# Considering an Alfine 11.



## Agwan (Feb 16, 2011)

Now that I've had the 8 for a while I am in a love/hate relationship with it. The drag stopped being an issue since the rebuild, it actually coasts quite nicely.

My satisfaction is limited at this point only by the little things, the first of them being the space between gears, with only 8 gears across this range I am often left compromising on a good enough gear. Frankly the gear range is plenty wide to me. I just want more even spacing. smaller steps.

Oh, and a crisper shifter would be nice.

So the 11 apparently has even less drag (Which really interests me, as the drag on the 8 is already TEENY) An upgraded shifter (though I really doubt I'm going to be willing to pay for Di2. unless it's just the mindblowingest ever.) And better spacing.
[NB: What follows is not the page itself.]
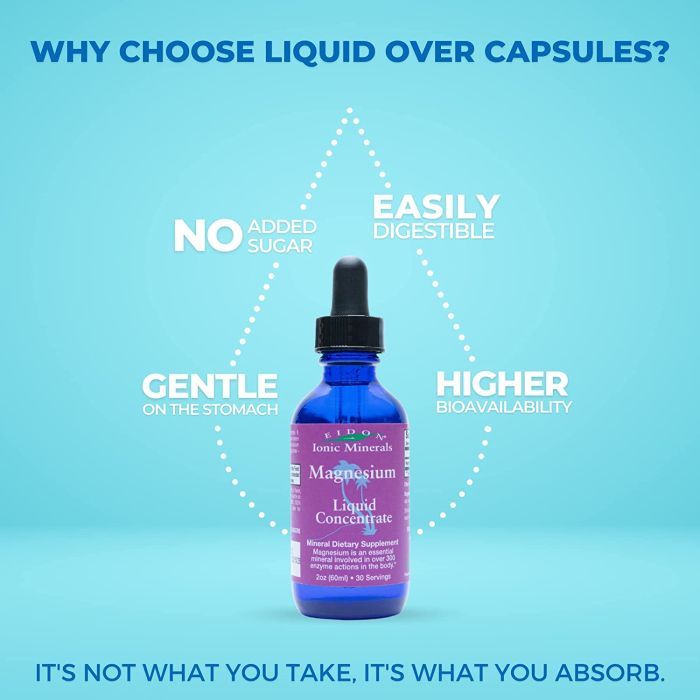 A: Ionic magnesium helps relax muscles, support nerves, and promote a healthy heart, which Eidon Magnesium Liquid Concentrate delivers effectively.

what I still don't like about the 8 is a sloppy feeling shifter and the gear spacing. It was rather fidgety getting the hub adjusted initially (though installation is actually quite easy, as is servicing!) Other than that I'm a pretty happy camper.

I'm on the fence between the new 105 and this. Both systems have their ups and downs.

So my question is, does the 11 have crisper shifting and more natural gearing? is the Di2 even worth it?


----------



## pursuiter (May 28, 2008)

I have an regular cable shift Alfine 11, the shift action isn't any better or precise than an oil-filled Alfine 8 (and no grip shifter which I prefer). Gear deltas are much better on the 11. I find the 5th to 6th gear delta on the 8 to be very irritating, esp when riding with another person. 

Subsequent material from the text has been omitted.